Allow recursion only on DoH and DoT, while keeping 53/UDP for authoritative responses only

[Turab]

This is a feature idea.

I have two Technitium instances at different sites running in a cluster. I am using them for both DNS hosting and recursion for ads and malware blocking. I don't want to have my two servers open to the world prone to amplification attacks. Since my client variation is distributed (like different ISPs, dynamic IPs with different locations and mobile clients), I can't limit recursion only to an IP grup or to private IPs only.

It would be best to be able to have 53/UDP serve only authoritative answers and drop recursion requests; but allow recursion on other protocols like DoH, DoT and DoQ.

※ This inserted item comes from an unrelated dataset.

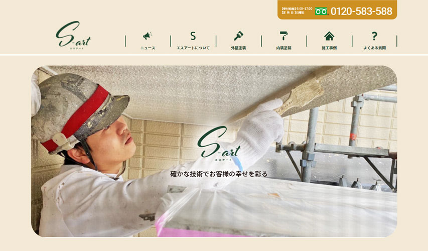 名古屋市昭和区で外壁塗装・内装塗装を行う会社S-art(エスアート)の新規WEBサイト制作のサポートを行いました。
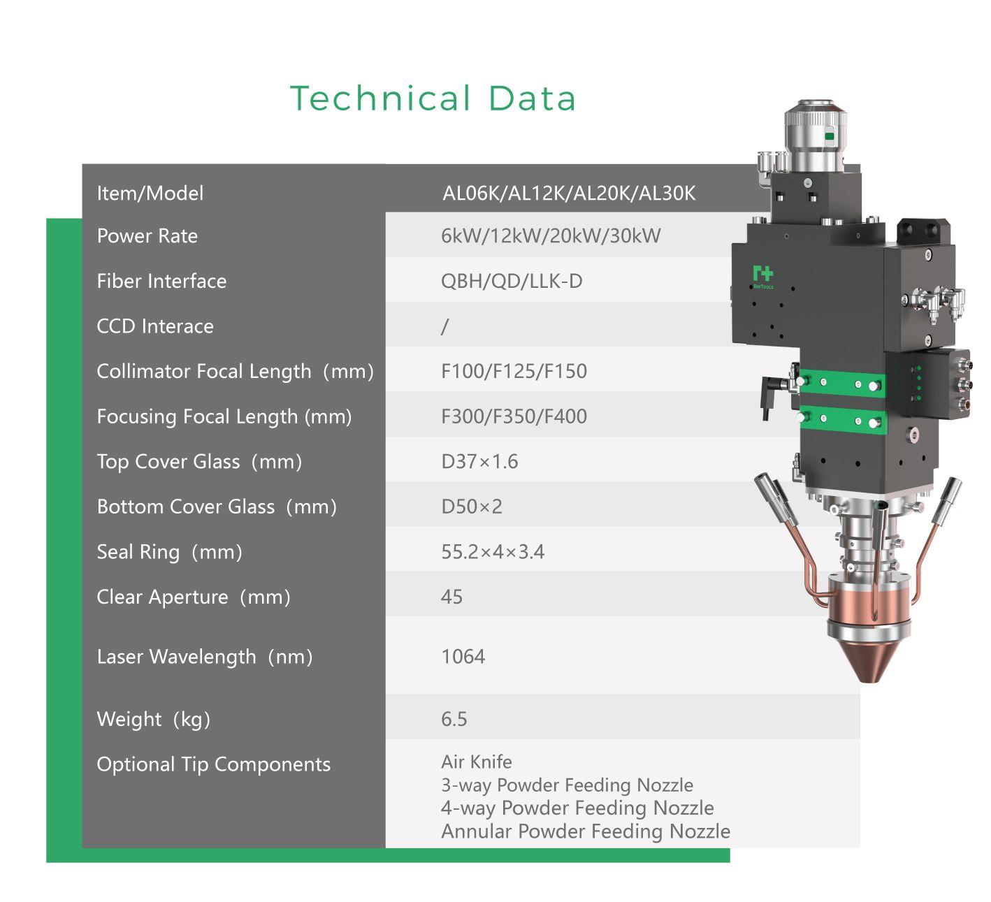 AL06K/AL12K/AL20K/AL30K Laser Processing Head (Cladding/Welding, Formerly as AK390TC/AK390BW)

I know DoH and DoT also have different attack vectors; but still, it would be a big leap at mitigation.

Don't you agree?

[ShreyasZare]

Thanks for the request. Running both public authoritative and recursive DNS server together is not recommended and not a good idea. Its best to have separate DNS servers for both the roles so as to avoid multiple such issues since all config that the DNS server has applies to all supported protocols. For example, you wont be able to configure a proper rate limiting value too for such a deployment since it may not work well for both the roles the DNS server is configured for.

[Turab]

I see. In fact that's already the reason why I suggested separating the rate limiting settings for the type of requests. Running different instances would need two different IP addresses and would be harder to maintain I think. Because that would mean at least 3 different sites with 3 different IPs and in my case, it would be better with 4 of them; for it wouldn't be very much reliable to have only one authoritative server.

[ShreyasZare]

Yes, it would mean running multiple DNS servers but that's the only proper way to do it.